Question

PQRS is a rectangle. The diagonals intersect at O. Diagonal RP is produced to T. ∠QPT = 142°. Find the angles of ΔSOR.

Answer 1

Given:

• PQRS is a rectangle.
• Diagonals intersect at O (they bisect each other).
• Diagonal RP is extended to T.
• ∠QPT = 142°

Determine ∠QPR:

Since ∠QPT = 142° and ∠QPR and ∠QPT form a linear pair on the line RT, their sum is 180°.

Therefore, ∠QPR = 180° – 142° = 38°.

Determine ∠PRS:

In a rectangle, opposite sides are parallel, so PQ || SR.

Since PR is a transversal, ∠QPR and ∠PRS are alternate interior angles.

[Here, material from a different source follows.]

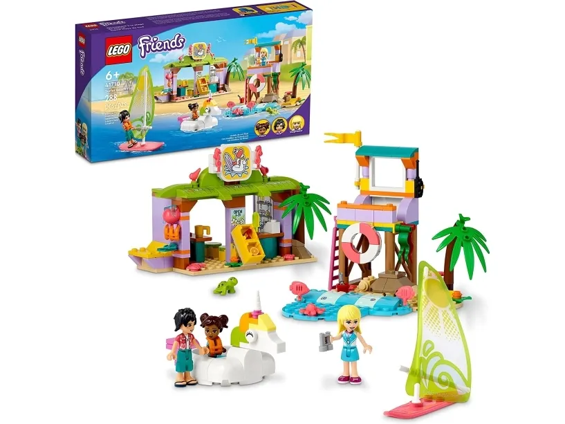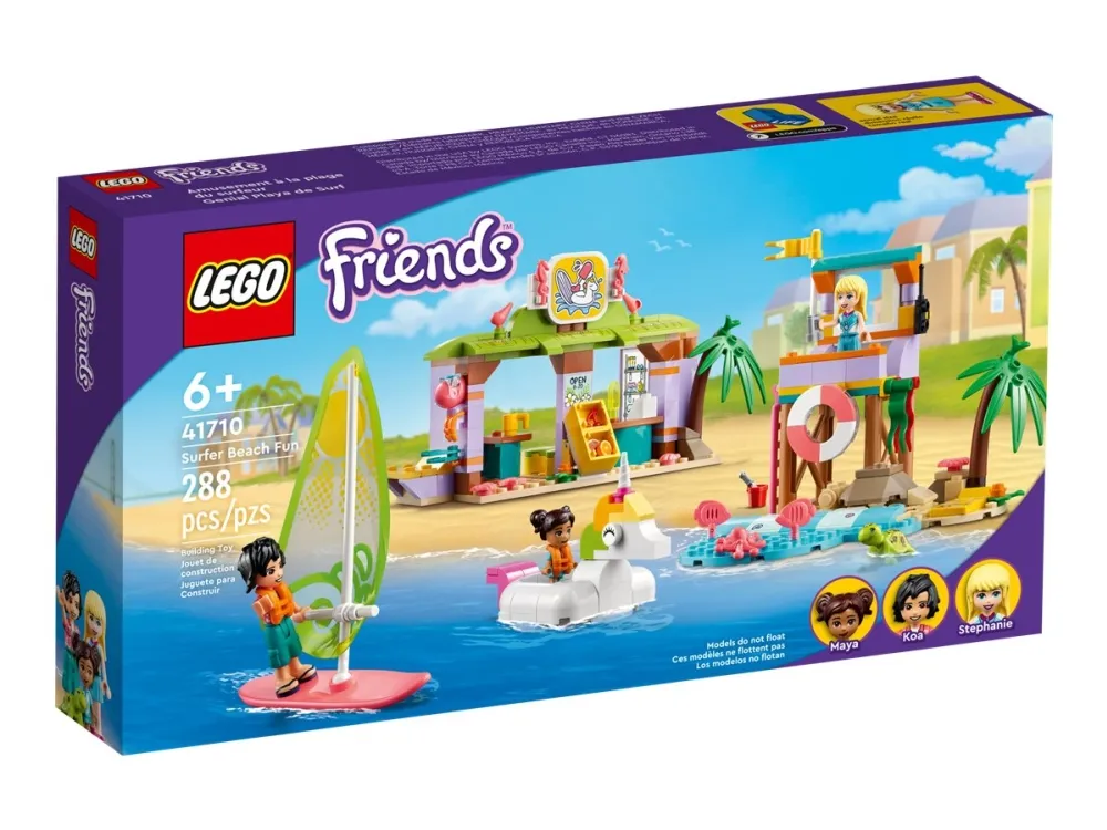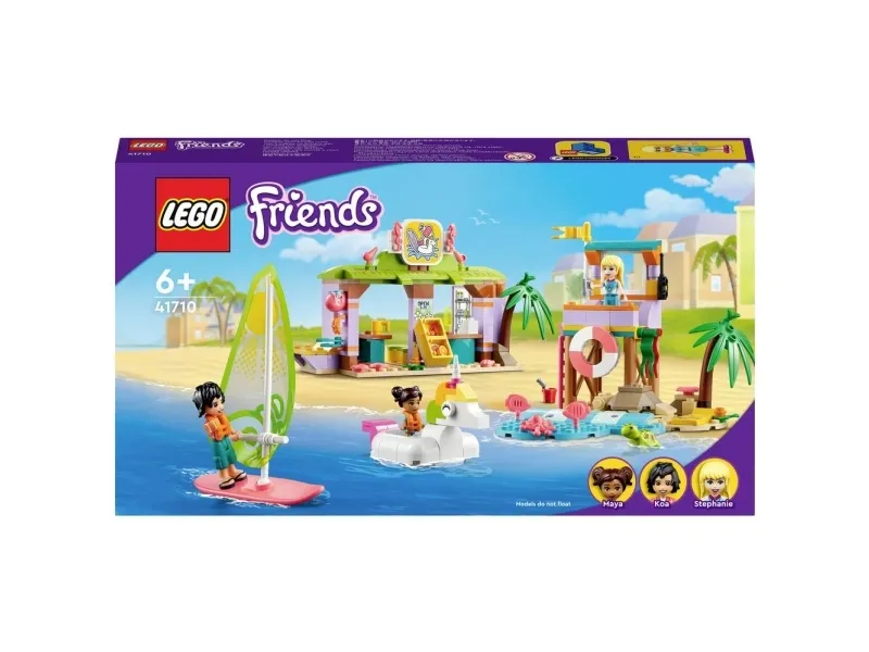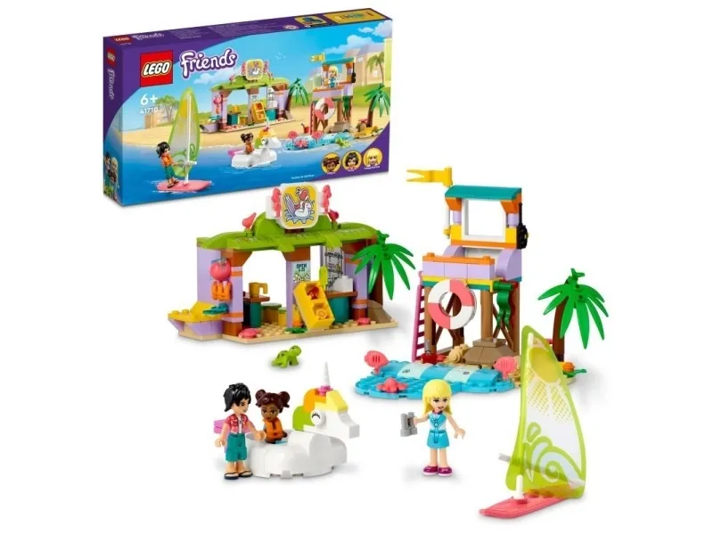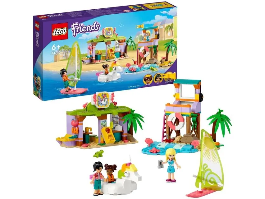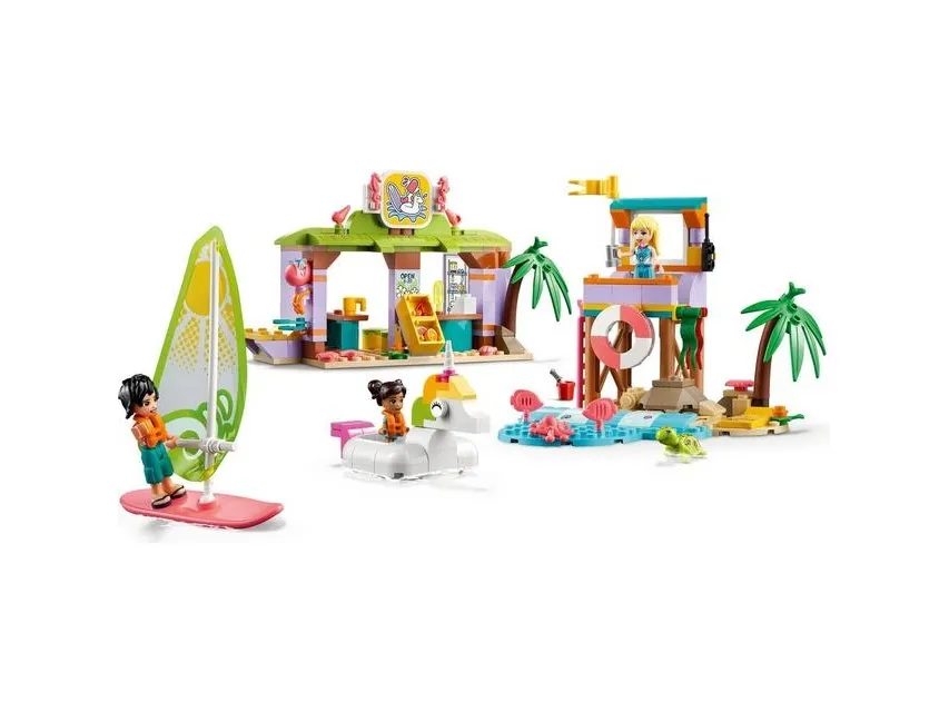 Masse å utforske – inkluderer utkikkstårn, enhjørningspyntet gummibåt, seilbrett, surfeskole med klasserom, dusj og utleieservice samt figurer av LEGO® Friends Stephanie, Koa og Maya
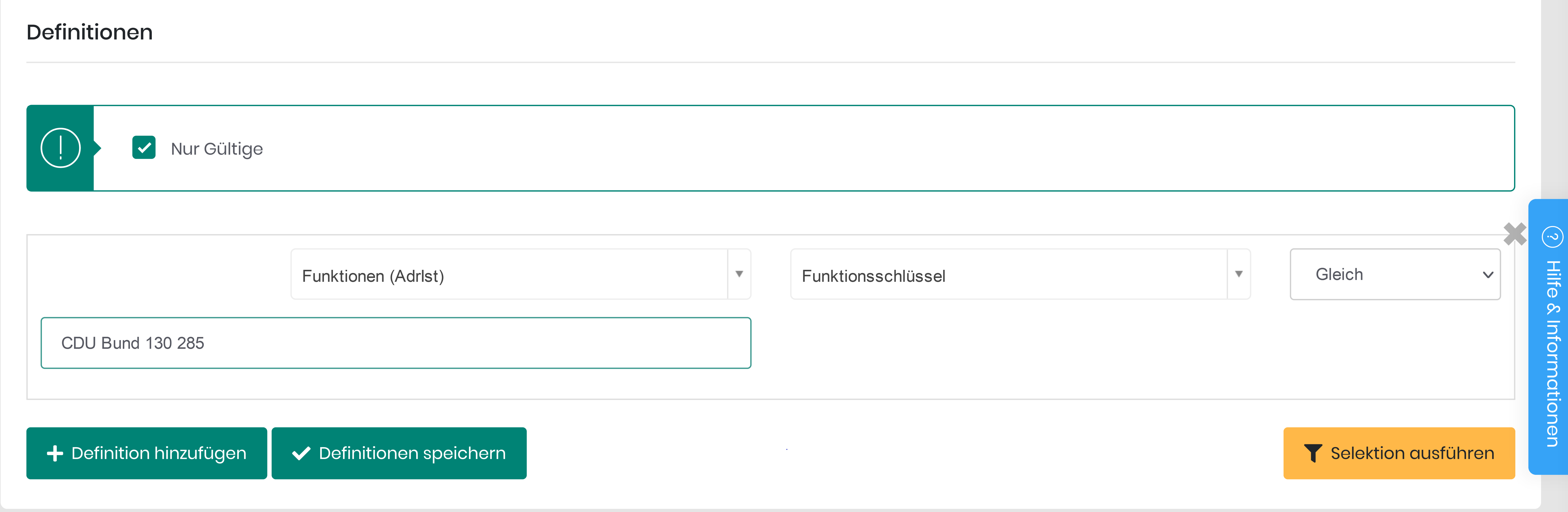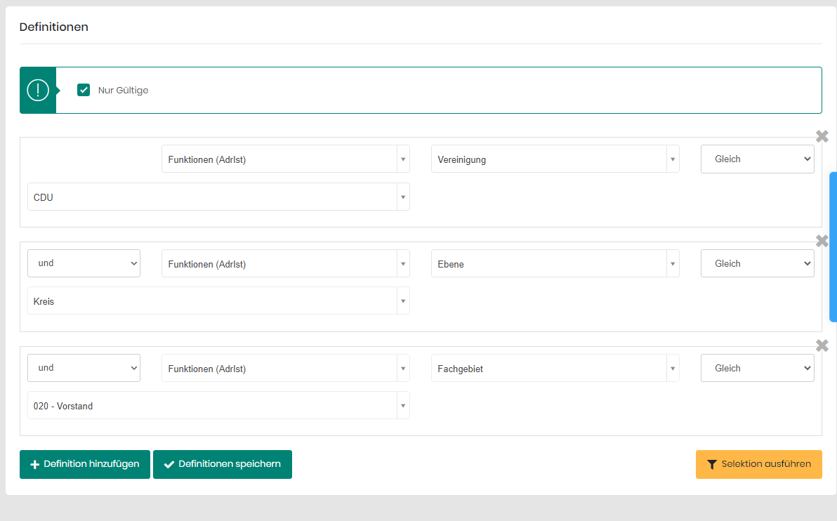 2. Sie können einen Funktionsschlüssel auch in detaillierter Form angeben. Dies kann vor allem dann genutzt werden, wenn Sie nur bis zur Fachebene selektieren möchten, z.B. der gesamte CDU-Vorstand auf Kreisverbandsbene:

Therefore, ∠PRS = ∠QPR = 38°.

Determine ∠PSR:

In a rectangle, all interior angles are right angles.

Therefore, ∠PSR = 90°.

Determine ∠SPR:

In right-angled triangle PSR, the sum of angles is 180°.

Therefore, ∠SPR = 180° – ∠PSR – ∠PRS

= 180° – 90° – 38°

= 52°

Determine ∠OSR: 

Since the diagonals of a rectangle bisect each other and are equal in length, OS = OR.

Therefore, ΔSOR is an isosceles triangle and the base angles opposite to the equal sides are equal.

Thus, ∠OSR = ∠ORS = ∠PRS = 38°.

Determine ∠SOR: 

In ΔSOR, the sum of angles is 180°.

Therefore, ∠SOR = 180° – ∠OSR – ∠ORS

= 180° – 38° – 38°

= 180° – 76°

= 104°